Hi everyone,
I have been reviewing the documentation on integrating external Iceberg tables with Databricks. Currently, the only method I have found to read from an Iceberg REST catalog (specifically GCP BigLake in my case) is by explicitly passing the catalog configurations directly to the SparkSession.
Here is the approach I am currently using, which works successfully on standard clusters:
import pyspark
from pyspark.context import SparkContext
from pyspark.sql import SparkSession
# Define specific variables
spark_catalog = "spark_catalog"
gcp_project_id = "mul-dev-databricks"
warehouse_path = f"bq://projects/{gcp_project_id}/locations/us"
gcp_scopes = "https://www.googleapis.com/auth/cloud-platform"
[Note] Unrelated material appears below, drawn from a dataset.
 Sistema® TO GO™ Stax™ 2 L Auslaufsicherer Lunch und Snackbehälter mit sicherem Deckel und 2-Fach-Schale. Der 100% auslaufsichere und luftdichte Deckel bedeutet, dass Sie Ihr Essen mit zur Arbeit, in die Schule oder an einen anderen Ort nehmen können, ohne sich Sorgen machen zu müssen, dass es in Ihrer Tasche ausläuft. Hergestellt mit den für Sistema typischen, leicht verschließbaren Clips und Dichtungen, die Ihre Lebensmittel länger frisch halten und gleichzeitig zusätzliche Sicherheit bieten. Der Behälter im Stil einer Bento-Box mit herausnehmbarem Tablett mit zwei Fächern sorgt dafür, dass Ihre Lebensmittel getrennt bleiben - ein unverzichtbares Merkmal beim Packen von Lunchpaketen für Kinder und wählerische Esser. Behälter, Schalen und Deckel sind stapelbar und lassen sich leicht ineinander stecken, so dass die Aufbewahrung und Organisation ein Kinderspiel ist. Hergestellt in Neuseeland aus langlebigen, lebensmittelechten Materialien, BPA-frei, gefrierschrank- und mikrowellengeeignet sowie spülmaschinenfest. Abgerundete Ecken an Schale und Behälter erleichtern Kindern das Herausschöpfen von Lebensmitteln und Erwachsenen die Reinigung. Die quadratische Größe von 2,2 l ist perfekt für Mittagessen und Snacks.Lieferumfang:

# Build the SparkSession with REST catalog configs
spark = SparkSession.builder.appName("BigLake_Iceberg_App") \
.config("spark.sql.extensions", "org.apache.iceberg.spark.extensions.IcebergSparkSessionExtensions") \
.config('spark.sql.catalog.spark_catalog', 'org.apache.iceberg.spark.SparkCatalog') \
.config('spark.sql.catalog.spark_catalog.type', 'rest') \
.config('spark.sql.catalog.spark_catalog.uri', 'https://biglake.googleapis.com/iceberg/v1/restcatalog') \
.config('spark.sql.catalog.spark_catalog.warehouse', warehouse_path) \
.config('spark.sql.catalog.spark_catalog.header.x-goog-user-project', gcp_project_id) \
.config("spark.sql.catalog.spark_catalog.gcp.auth.scopes", gcp_scopes) \
.config('spark.sql.catalog.spark_catalog.header.X-Iceberg-Access-Delegation', 'vended-credentials') \
.config('spark.sql.catalog.spark_catalog.rest.auth.type', 'org.apache.iceberg.gcp.auth.GoogleAuthManager') \
.config('spark.sql.catalog.spark_catalog.io-impl', 'org.apache.iceberg.gcp.gcs.GCSFileIO') \
.config('spark.sql.catalog.spark_catalog.rest-metrics-reporting-enabled', 'false') \
.config('spark.sql.defaultCatalog', 'spark_catalog') \
.getOrCreate()
While I can successfully access the data this way, it is not an ideal long-term solution. It would be much more powerful if Unity Catalog could mount these REST catalogs directly as external catalogs natively (similar to Unity Catalog Federation).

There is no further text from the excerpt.